"Acosta throws party at home to bring his art to the barrio"
By Jeannie Kever
November 26, 1982
reprinted from El Paso Times, 1982
    Manny Acosta's having a party.
    The El Paso artist is noted for his late-into-the-night parties, but this one has a special purpose.
     With the money he hopes to raise from a small-scale Mexican bazaar Saturday, Acosta wants to make art a portable commodity, available to people in all of El Paso's neighborhoods.
     The idea of a traveling exhibit taking art and artist into the city's different communities has been one of Acosta's favorite dreams for a long time.
     But he had no money for the lumber to build a portable show.
     "We artists have been in such dire straits lately, we've been having to go on a diet," he says, laughing but with serious overtones. "Sales of paintings are almost nil now."

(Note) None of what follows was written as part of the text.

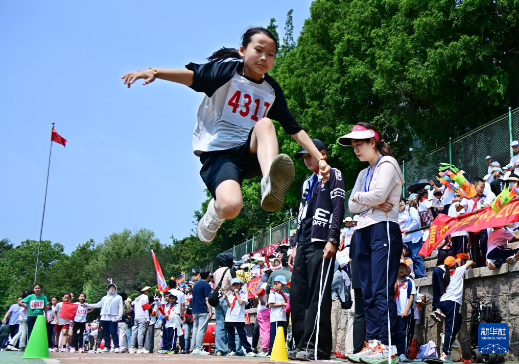 5月30日,青島市實(shí)驗(yàn)小學(xué)學(xué)生參加跳遠(yuǎn)比賽。

     But - money or not - Acosta has always done what he could to support favored causes in El Paso.
     And the Ladies LULAC Council No. 4329 decided to repay him.
     He refused to take money, council member Josie Saldana says. But they finally decided on a compromise.
     "I said, 'No, no, I couldn't accept money,'" Acosta says. "But they were insistent. So this evolved."
     "This" is a festival of food, drinks, music dancing and art sprawling from Acosta's front yard gazebo, through his home-studio at 366 Buena Vista and into his back patio.
     People who pay the $3 admission charge can eat, drink, get a mock marriage, divorce or jail stay, listen to music and watch a variety of dancers.
     There will be performances by mariachis, opera singer Manuela Dominguez, Juarez musician Juan Manuel Carreon, the Gilbert and Sullivan troupe, dances by the Rosa Guerrero folklorico group and the Susan Francis Dancers.
     All this, Acosta says, "to relieve people of the heavy burden of carrying money."
     The festival opens at 1 p.m. and will move indoors at 8 p.m. until it winds down.
     Once it's over, he'll go to work building the portable stands for his traveling exhibit.
     Initially, Acosta will take his own work into the neighborhoods and talk to the people about art. But eventually he hopes to have other artists volunteer their time and their personal opinions about art.
     "It will be a friendly exposition, not something they'll be afraid of," he says of his plans. "It's important for art to be there. I'll encourage people to enjoy what is there. They don't have to like it. They can have their own opinions. But I'll encourage them to start buying small inexpensive items," replacing the funeral-home calendars he remembers from his own childhood with pieces of original art.
     The first neighborhood Acosta plans to visit is Val Verde in the Lower Valley, only blocks from where he lives now.
     Acosta moved to the Val Verde area as an elementary-school student with his family, and his memories of playing in the sewer plant and around the canals are still vivid.
     "They're very dear to me, these neighborhoods," he says, "because I remember how it looked, how it smelled."
     Second on his list is Chihuahuita, the barrio his family first moved to when, with Acosta still an infant, they crossed the Rio Grande fleeing the Mexican Revolution.
     He hopes the chance to see art, and artists, up close will make a difference to people.
     "When I was young and just beginning to feel the inclination to be an artist, I would trace newspaper advertisements," he says. "Until high school, I had no exposure to any art or artist. . . . Now, as I look back, I could have benefited tremendously with some contact with another artist."